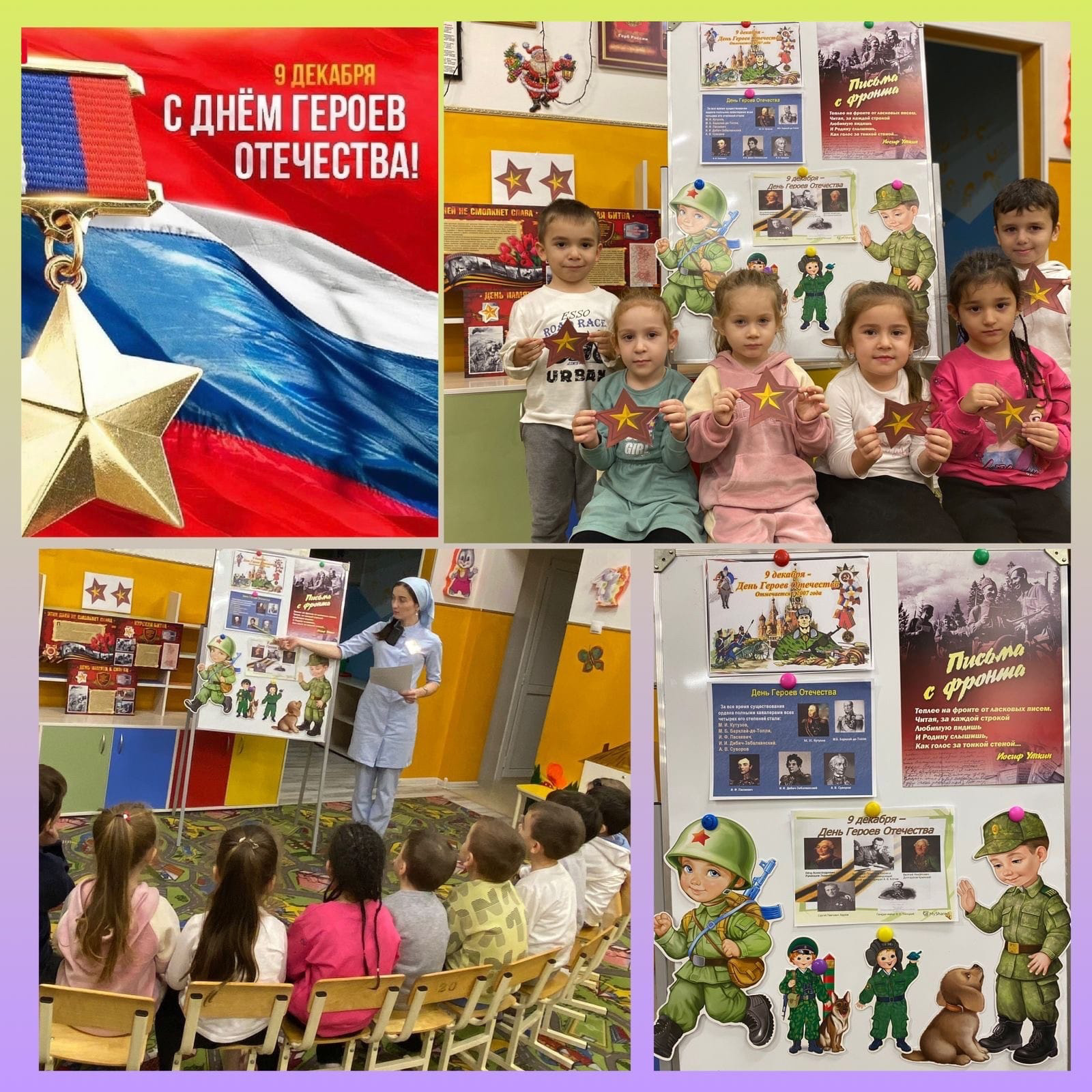 9 декабря в России празднуют День Героев Отечества. День Героев Отечества в нашей стране– это памятная дата, которая отмечается 9 декабря. В честь этой даты в нашем детском саду прошли мероприятия, цель которых – формирование у дошкольников чувства патриотизма, чувства гордости и уважения к воинам, защитникам Отечества.
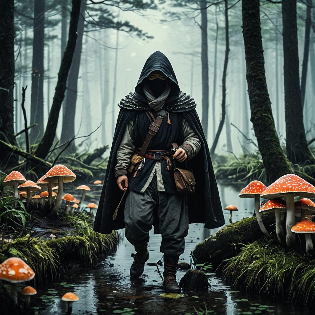 An agile bandit, wearing a rugged traveler's cloak, practicing in a misty swamp, surrounded by glowing mushrooms, drawn in the serene and character-focused style of Nobuhiro Watsuki.
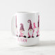 gnomos caprichosos sosteniendo cintas de sensibilización sobre el cáncer de mama rosadas. Personalice fácilmente el nombre con sólo unos cuantos clics.

* _TASK DETAILS_
Write out the listing above exactly, images omitted.

* _WORKED SOLUTION_
 9 декабря в России празднуют День Героев Отечества. День Героев Отечества в нашей стране– это памятная дата, которая отмечается 9 декабря. В честь этой даты в нашем детском саду прошли мероприятия, цель которых – формирование у дошкольников чувства патриотизма, чувства гордости и уважения к воинам, защитникам Отечества.
 An agile bandit, wearing a rugged traveler's cloak, practicing in a misty swamp, surrounded by glowing mushrooms, drawn in the serene and character-focused style of Nobuhiro Watsuki.
 gnomos caprichosos sosteniendo cintas de sensibilización sobre el cáncer de mama rosadas. Personalice fácilmente el nombre con sólo unos cuantos clics.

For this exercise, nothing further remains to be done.